There are things that are more difficult to do now. This is hardly a surprise, it’s a lovely happenstance when your motor neurons burn themselves out and your muscles atrophy. But there are some things it never would have occurred to me would be harder.
Like putting my shoes on. I have no strength in my toes at all, so when I put shoes on, they just kinda curl under when I shove them in. I can’t flex them so set it right, so I have to push on the tops and sides of my shoes once they’re on to get my toes to try to uncurl so I’m not walking on them.
Scrubbing floors is harder, not necessarily because my energy pool is lower, but because I have no muscles in my lower legs anymore so kneeling on the wooden floors hurts. There’s no real padding, so it’s like I’m knocking my bones right on the wood. And then once I’m done with that section of floor, getting up to shift a few feet away is hard because I don’t have the strength to push myself up from a squat, so I crawl on my knees, knock knock knock, and ow. Sucks.
Same for standing a long time. It’s not that my legs don’t have the strength to hold me up as much as it’s the lack of muscles in my feet so I have no padding to protect me. It’s like standing on concrete, even in spongy shoes. After about an hour or so, it’s not that I’m muscle fatigued from walking around, I have to stop because my freakin’ FEET hurt.
I’m also finding it hard to stop short, when walking. My toes have no strength to balance me out. So when I walk up to the elevators, I have to make a lot of little cha-cha steps when I stop in order to not fall over. It’s easier now with the cane, but it’s still weird.
Maneuvering in the hallways at Intel has always been hard. There are a TON of very…..self-involved engineers here. There are the ones looking at their phones walking on a direct collision course with you. There are the ones gathering in clusters right around the corner so you crash into them when you turn. There are the groups of them walking three people across down the halls, leaving you LITERALLY no way to walk around them, so you wind up just standing there, waiting for them to either physically crash into you, or notice you and pull the cluster a little tighter to squeeze by you as you’re hugging the wall.
Walking through work now is like dancing in a minefield.

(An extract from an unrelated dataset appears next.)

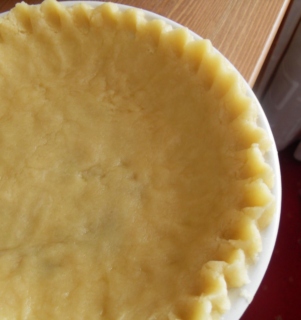 This is so simple and easy to do and makes an incredibly short, flakey and crisp crust. Works well for any single crust pie. You do not need to roll it out.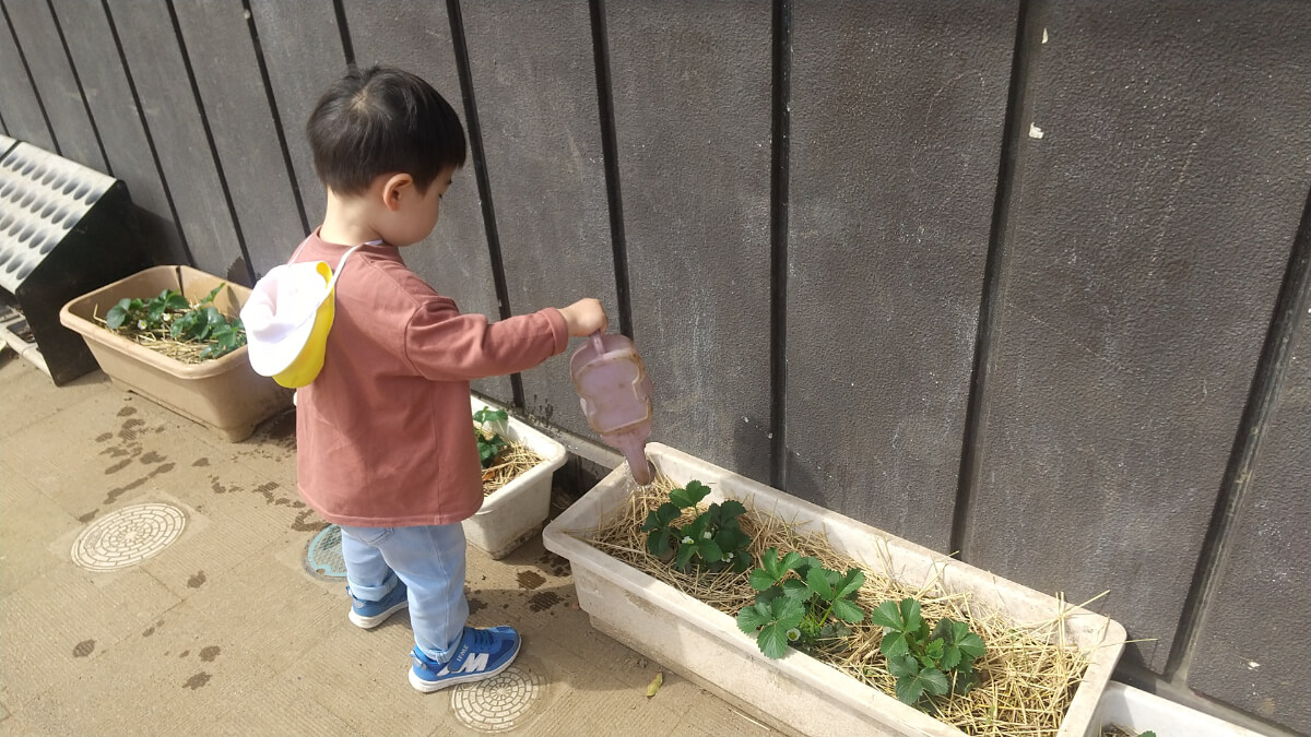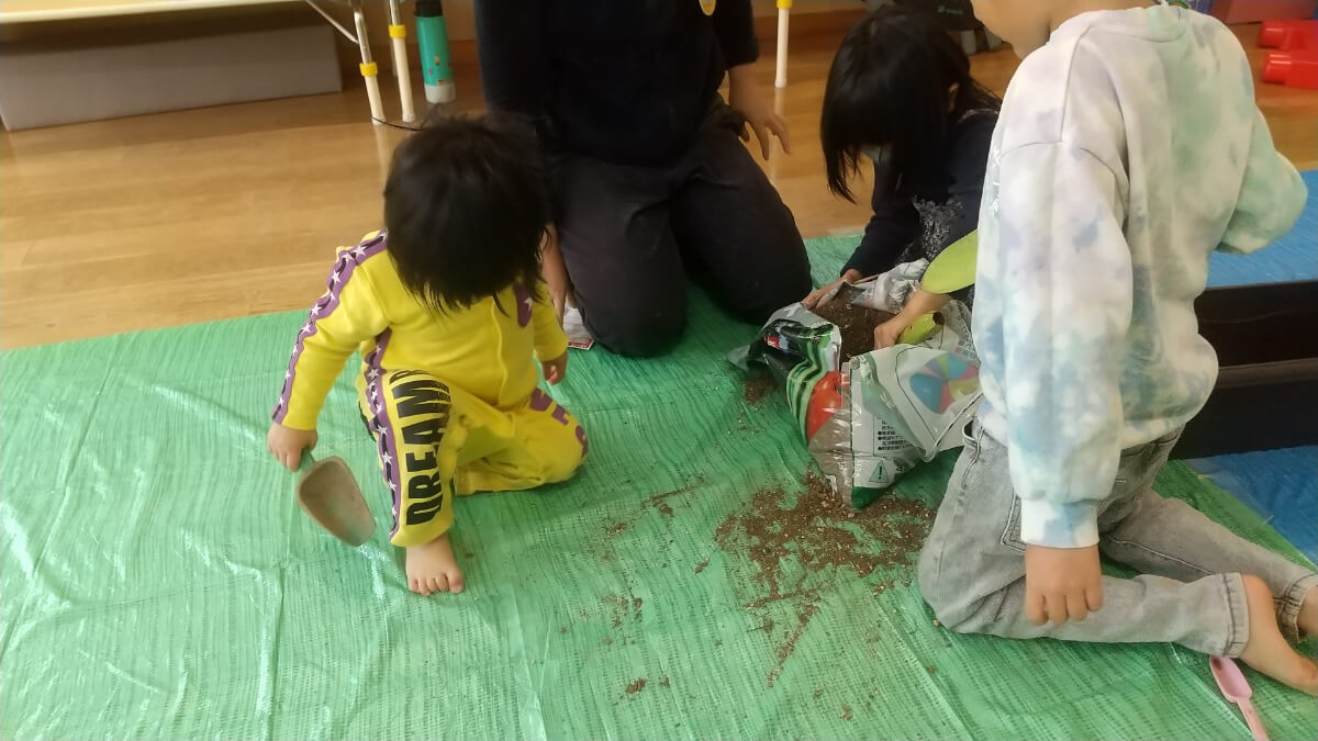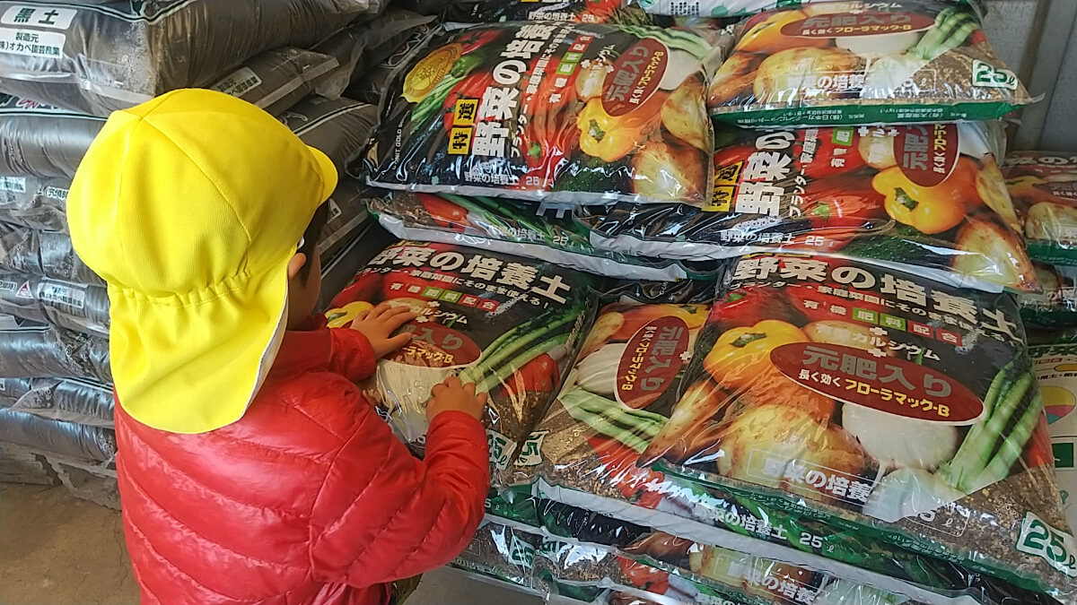 また、去年も野菜栽培に取り組んだ子は何を植えたいか自分で決め、土を買いに行くところから始めました。去年は流れがわからずに大人に聞くことが多い様子でしたが、今年は自分の好きなトマトを育てたいと植えるものを率先して決め、「トマトを植えるのは野菜の土だね」と野菜が書いてある土を選んだり、「ここに植えるんだよね」、「次は水をあげよう」などと自分で考えながら取り組んでいました。

I have to be vigilant at all times because if I get bumped into, I’m going down. I can’t quickly sidestep someone turning the corner too sharply. In the cafe, when someone stops short, I can’t avoid crashing in to them. So I advance cautiously, looking for potential problems, and keep a two person length in front of me at all times. I have become the granny driver of walking in the cafe.
I didn’t foresee any of this. When they tell you that you’re going to lose strength in your legs, you think “walking is going to be harder, going up stairs will be nearly impossible.” You don’t think “I can’t squat down to tie my shoes ever again”. Or any of the things above. It’s a bizarre safari of self discovery, and it’s not even upsetting, not really, not OH WHY ME I CAN’T KNEEL ON THE FLOORS TO SCRUB UP CAT PUKE ANYMORE”, it’s just been, “Huh. Okay. So that doesn’t work anymore.” and working out what to do instead.
Milk crates. Milk crates are what you do instead. Milk crates are my friend. You just park your butt on it, and lean over for scrubbing the floor, or sifting the litterbox, or tying your boots. Milk crates are awesome. They used to be book shelves, then moving boxes, now they’re butt support. Universal problem solvers.
Eventually I won’t have to worry about any of this stuff. I’ll be in a chair, and I’ll just run over the engineers who get in my way. There won’t be a balancing act when stopping short, just brakes. I’ll be sitting when doing the cooking. And the floors…well, someone else will probably have to deal with that. Problem solved for ME, either way. But it’s interesting, finding out these little things that no longer work.